● **Problem to solve**
From the line that contains "米海軍艦載機 F/A-18E スーパーホーネット" to the final line of the entries, return every line exactly and leave out all others.

[Records from a collection]
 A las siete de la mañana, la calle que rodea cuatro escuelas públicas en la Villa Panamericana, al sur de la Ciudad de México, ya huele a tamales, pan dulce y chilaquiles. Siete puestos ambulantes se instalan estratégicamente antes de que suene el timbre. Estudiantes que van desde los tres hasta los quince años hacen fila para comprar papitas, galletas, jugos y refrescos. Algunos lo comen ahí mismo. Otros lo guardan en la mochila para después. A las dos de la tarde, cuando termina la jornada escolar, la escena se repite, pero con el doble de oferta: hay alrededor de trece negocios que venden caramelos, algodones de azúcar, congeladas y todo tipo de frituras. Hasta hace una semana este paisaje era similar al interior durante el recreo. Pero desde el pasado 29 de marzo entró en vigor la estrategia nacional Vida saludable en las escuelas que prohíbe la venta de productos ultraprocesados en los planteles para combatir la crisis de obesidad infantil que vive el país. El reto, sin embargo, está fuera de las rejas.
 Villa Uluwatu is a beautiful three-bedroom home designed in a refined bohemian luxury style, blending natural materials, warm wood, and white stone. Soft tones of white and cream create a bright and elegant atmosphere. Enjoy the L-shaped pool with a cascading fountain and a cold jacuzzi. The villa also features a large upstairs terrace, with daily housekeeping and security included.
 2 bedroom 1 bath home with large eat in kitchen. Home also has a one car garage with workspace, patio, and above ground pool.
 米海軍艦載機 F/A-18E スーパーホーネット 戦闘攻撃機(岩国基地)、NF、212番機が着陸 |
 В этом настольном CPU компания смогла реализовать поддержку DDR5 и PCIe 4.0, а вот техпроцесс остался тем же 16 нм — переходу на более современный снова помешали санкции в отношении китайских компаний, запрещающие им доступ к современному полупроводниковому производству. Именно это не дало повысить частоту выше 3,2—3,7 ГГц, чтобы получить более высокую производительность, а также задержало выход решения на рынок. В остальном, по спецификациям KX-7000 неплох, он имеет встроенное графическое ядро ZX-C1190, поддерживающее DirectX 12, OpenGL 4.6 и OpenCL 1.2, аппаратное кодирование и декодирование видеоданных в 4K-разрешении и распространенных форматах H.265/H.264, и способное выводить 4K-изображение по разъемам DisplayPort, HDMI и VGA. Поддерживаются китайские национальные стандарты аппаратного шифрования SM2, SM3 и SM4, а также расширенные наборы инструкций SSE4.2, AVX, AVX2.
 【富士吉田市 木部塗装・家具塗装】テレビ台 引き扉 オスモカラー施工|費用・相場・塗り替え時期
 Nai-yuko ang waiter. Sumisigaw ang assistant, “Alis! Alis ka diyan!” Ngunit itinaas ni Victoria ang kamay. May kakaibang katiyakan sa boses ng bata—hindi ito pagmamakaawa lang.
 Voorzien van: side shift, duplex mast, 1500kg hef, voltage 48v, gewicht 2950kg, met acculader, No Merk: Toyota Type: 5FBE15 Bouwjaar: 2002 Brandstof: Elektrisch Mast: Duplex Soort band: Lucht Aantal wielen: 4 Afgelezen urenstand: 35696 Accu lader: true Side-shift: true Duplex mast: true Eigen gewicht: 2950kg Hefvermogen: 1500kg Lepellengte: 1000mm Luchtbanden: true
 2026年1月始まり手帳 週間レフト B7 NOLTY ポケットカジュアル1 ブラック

● **Exercise answer**
 米海軍艦載機 F/A-18E スーパーホーネット 戦闘攻撃機(岩国基地)、NF、212番機が着陸 |
 В этом настольном CPU компания смогла реализовать поддержку DDR5 и PCIe 4.0, а вот техпроцесс остался тем же 16 нм — переходу на более современный снова помешали санкции в отношении китайских компаний, запрещающие им доступ к современному полупроводниковому производству. Именно это не дало повысить частоту выше 3,2—3,7 ГГц, чтобы получить более высокую производительность, а также задержало выход решения на рынок. В остальном, по спецификациям KX-7000 неплох, он имеет встроенное графическое ядро ZX-C1190, поддерживающее DirectX 12, OpenGL 4.6 и OpenCL 1.2, аппаратное кодирование и декодирование видеоданных в 4K-разрешении и распространенных форматах H.265/H.264, и способное выводить 4K-изображение по разъемам DisplayPort, HDMI и VGA. Поддерживаются китайские национальные стандарты аппаратного шифрования SM2, SM3 и SM4, а также расширенные наборы инструкций SSE4.2, AVX, AVX2.
 【富士吉田市 木部塗装・家具塗装】テレビ台 引き扉 オスモカラー施工|費用・相場・塗り替え時期
 Nai-yuko ang waiter. Sumisigaw ang assistant, “Alis! Alis ka diyan!” Ngunit itinaas ni Victoria ang kamay. May kakaibang katiyakan sa boses ng bata—hindi ito pagmamakaawa lang.
 Voorzien van: side shift, duplex mast, 1500kg hef, voltage 48v, gewicht 2950kg, met acculader, No Merk: Toyota Type: 5FBE15 Bouwjaar: 2002 Brandstof: Elektrisch Mast: Duplex Soort band: Lucht Aantal wielen: 4 Afgelezen urenstand: 35696 Accu lader: true Side-shift: true Duplex mast: true Eigen gewicht: 2950kg Hefvermogen: 1500kg Lepellengte: 1000mm Luchtbanden: true
 2026年1月始まり手帳 週間レフト B7 NOLTY ポケットカジュアル1 ブラック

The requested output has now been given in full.